*Exercise objective:*
Restrict the output to the lines below starting at the one that contains "- wyjątkowo trwały" and ending at the one that contains "中邮证券:医药2024中期策", and restate them word for word, both ends included.

*Source material:*

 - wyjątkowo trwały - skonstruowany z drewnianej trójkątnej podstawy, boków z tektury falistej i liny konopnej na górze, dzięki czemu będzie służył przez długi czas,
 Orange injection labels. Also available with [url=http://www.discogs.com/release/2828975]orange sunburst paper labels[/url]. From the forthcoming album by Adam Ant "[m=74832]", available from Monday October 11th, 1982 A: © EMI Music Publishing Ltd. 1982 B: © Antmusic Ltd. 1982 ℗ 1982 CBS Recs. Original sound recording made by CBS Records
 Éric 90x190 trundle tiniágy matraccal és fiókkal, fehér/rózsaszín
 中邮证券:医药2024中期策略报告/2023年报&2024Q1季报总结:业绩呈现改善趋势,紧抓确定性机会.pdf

...

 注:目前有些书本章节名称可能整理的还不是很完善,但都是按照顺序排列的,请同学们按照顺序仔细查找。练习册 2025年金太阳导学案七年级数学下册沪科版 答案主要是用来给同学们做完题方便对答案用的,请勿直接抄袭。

*Solution to this task:*
 - wyjątkowo trwały - skonstruowany z drewnianej trójkątnej podstawy, boków z tektury falistej i liny konopnej na górze, dzięki czemu będzie służył przez długi czas,
 Orange injection labels. Also available with [url=http://www.discogs.com/release/2828975]orange sunburst paper labels[/url]. From the forthcoming album by Adam Ant "[m=74832]", available from Monday October 11th, 1982 A: © EMI Music Publishing Ltd. 1982 B: © Antmusic Ltd. 1982 ℗ 1982 CBS Recs. Original sound recording made by CBS Records
 Éric 90x190 trundle tiniágy matraccal és fiókkal, fehér/rózsaszín
 中邮证券:医药2024中期策略报告/2023年报&2024Q1季报总结:业绩呈现改善趋势,紧抓确定性机会.pdf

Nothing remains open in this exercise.